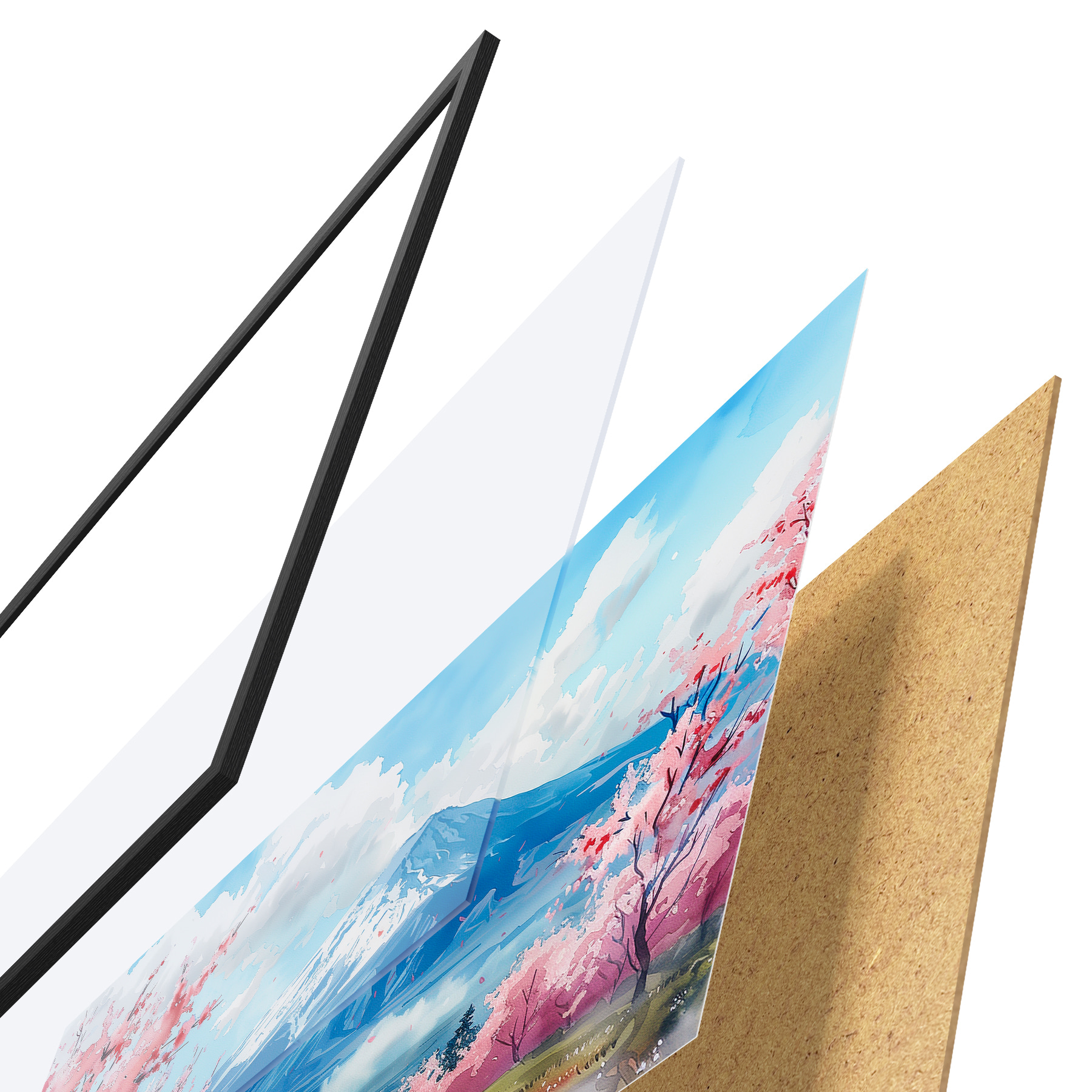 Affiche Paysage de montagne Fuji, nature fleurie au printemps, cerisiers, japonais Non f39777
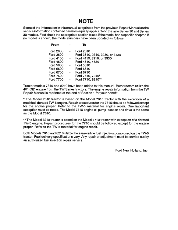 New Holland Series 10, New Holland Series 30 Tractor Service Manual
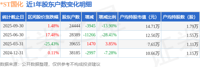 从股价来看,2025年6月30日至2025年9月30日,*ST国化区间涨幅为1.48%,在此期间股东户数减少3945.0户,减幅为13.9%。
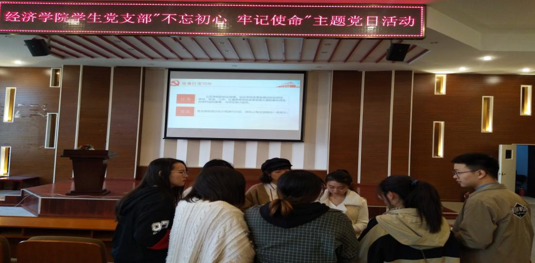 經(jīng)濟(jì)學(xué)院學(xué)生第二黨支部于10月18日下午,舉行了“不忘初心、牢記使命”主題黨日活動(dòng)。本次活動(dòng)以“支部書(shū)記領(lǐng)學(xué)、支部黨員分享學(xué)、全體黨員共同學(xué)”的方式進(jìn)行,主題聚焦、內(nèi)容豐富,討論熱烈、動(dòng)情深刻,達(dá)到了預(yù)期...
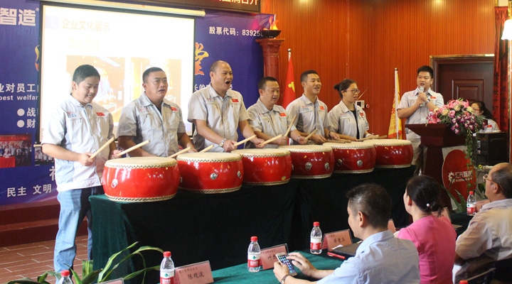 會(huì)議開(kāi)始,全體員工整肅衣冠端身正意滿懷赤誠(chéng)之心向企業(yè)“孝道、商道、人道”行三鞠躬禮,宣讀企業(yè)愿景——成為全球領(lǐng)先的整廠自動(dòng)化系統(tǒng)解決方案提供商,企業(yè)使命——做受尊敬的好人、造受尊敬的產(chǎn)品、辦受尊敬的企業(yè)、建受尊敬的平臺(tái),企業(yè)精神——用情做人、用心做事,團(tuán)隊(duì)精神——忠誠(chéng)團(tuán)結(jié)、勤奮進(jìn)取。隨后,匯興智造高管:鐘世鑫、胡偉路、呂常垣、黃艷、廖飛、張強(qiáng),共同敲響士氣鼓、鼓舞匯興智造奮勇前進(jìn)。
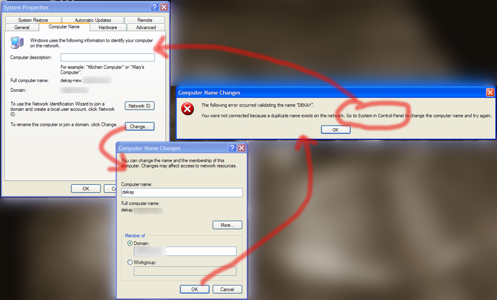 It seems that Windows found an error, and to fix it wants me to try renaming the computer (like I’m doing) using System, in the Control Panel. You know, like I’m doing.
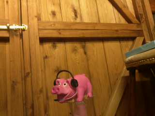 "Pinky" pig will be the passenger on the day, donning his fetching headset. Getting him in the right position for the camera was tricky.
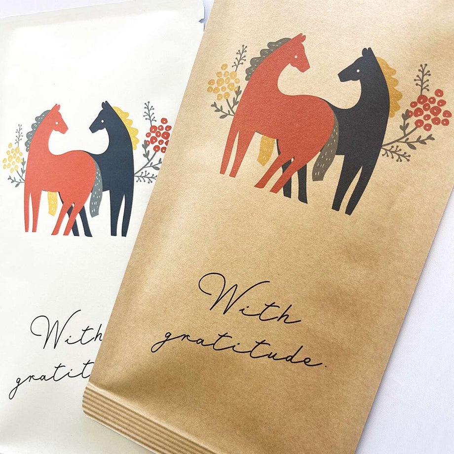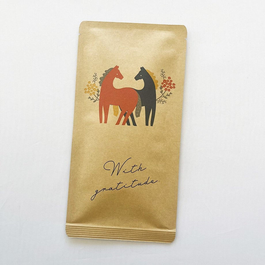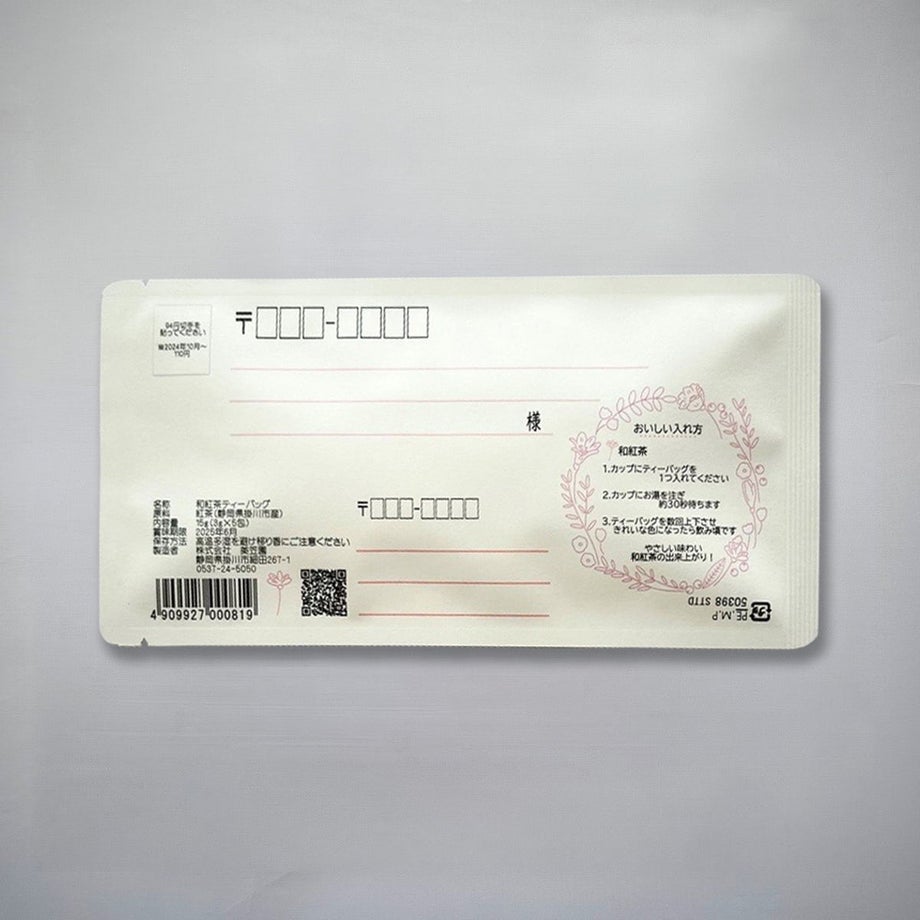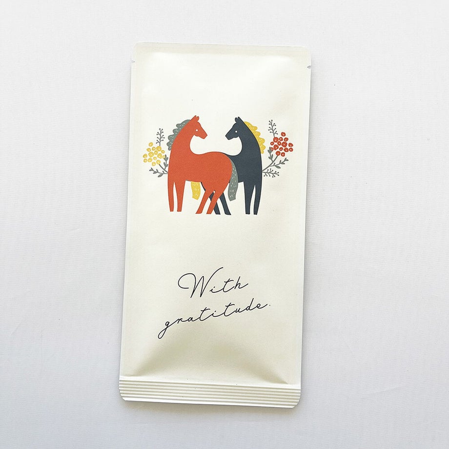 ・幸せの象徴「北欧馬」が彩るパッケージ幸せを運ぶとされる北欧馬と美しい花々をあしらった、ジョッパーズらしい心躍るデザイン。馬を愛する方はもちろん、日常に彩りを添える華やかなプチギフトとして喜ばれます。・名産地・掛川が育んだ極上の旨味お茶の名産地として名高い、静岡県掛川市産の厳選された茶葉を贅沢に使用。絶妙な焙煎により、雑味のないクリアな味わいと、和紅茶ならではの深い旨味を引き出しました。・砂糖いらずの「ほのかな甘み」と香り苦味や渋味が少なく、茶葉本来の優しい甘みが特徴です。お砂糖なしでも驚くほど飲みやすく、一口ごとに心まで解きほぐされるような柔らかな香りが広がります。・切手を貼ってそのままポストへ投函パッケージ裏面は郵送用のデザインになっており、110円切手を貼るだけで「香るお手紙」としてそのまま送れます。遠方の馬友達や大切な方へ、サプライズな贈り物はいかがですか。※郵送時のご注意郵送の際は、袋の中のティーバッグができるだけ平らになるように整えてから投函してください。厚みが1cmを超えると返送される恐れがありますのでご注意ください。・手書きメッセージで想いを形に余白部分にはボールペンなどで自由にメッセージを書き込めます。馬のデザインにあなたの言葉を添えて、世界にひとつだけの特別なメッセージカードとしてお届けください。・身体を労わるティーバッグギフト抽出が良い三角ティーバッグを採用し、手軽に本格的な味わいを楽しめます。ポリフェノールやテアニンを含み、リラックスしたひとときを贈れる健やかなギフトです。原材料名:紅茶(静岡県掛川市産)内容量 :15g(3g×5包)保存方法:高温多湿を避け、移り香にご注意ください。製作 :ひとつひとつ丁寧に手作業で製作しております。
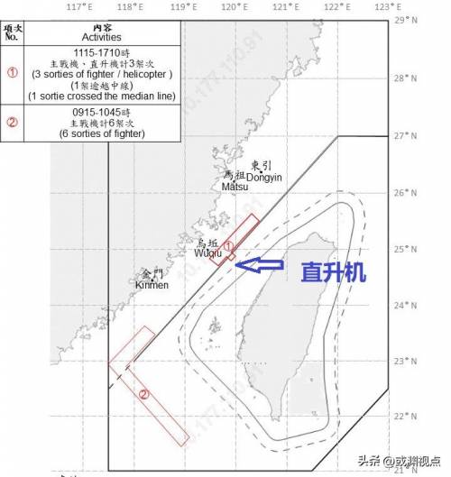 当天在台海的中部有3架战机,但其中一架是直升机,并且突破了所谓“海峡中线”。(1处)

::::

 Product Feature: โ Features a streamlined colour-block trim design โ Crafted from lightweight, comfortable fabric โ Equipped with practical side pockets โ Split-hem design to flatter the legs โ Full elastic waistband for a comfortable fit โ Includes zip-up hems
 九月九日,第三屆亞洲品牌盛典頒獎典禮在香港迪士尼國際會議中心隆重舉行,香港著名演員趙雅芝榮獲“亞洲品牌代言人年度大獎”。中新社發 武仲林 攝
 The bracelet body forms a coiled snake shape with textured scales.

::::

* **Exercise brief**: Would you copy, word for word, only the lines above from the one containing "It seems that" through the one containing "当天在台海的中部有3架战机,但其中一架是", both included, and please leave out the pictures?

* **Task result**:
 It seems that Windows found an error, and to fix it wants me to try renaming the computer (like I’m doing) using System, in the Control Panel. You know, like I’m doing.
 "Pinky" pig will be the passenger on the day, donning his fetching headset. Getting him in the right position for the camera was tricky.
 ・幸せの象徴「北欧馬」が彩るパッケージ幸せを運ぶとされる北欧馬と美しい花々をあしらった、ジョッパーズらしい心躍るデザイン。馬を愛する方はもちろん、日常に彩りを添える華やかなプチギフトとして喜ばれます。・名産地・掛川が育んだ極上の旨味お茶の名産地として名高い、静岡県掛川市産の厳選された茶葉を贅沢に使用。絶妙な焙煎により、雑味のないクリアな味わいと、和紅茶ならではの深い旨味を引き出しました。・砂糖いらずの「ほのかな甘み」と香り苦味や渋味が少なく、茶葉本来の優しい甘みが特徴です。お砂糖なしでも驚くほど飲みやすく、一口ごとに心まで解きほぐされるような柔らかな香りが広がります。・切手を貼ってそのままポストへ投函パッケージ裏面は郵送用のデザインになっており、110円切手を貼るだけで「香るお手紙」としてそのまま送れます。遠方の馬友達や大切な方へ、サプライズな贈り物はいかがですか。※郵送時のご注意郵送の際は、袋の中のティーバッグができるだけ平らになるように整えてから投函してください。厚みが1cmを超えると返送される恐れがありますのでご注意ください。・手書きメッセージで想いを形に余白部分にはボールペンなどで自由にメッセージを書き込めます。馬のデザインにあなたの言葉を添えて、世界にひとつだけの特別なメッセージカードとしてお届けください。・身体を労わるティーバッグギフト抽出が良い三角ティーバッグを採用し、手軽に本格的な味わいを楽しめます。ポリフェノールやテアニンを含み、リラックスしたひとときを贈れる健やかなギフトです。原材料名:紅茶(静岡県掛川市産)内容量 :15g(3g×5包)保存方法:高温多湿を避け、移り香にご注意ください。製作 :ひとつひとつ丁寧に手作業で製作しております。
 当天在台海的中部有3架战机,但其中一架是直升机,并且突破了所谓“海峡中线”。(1处)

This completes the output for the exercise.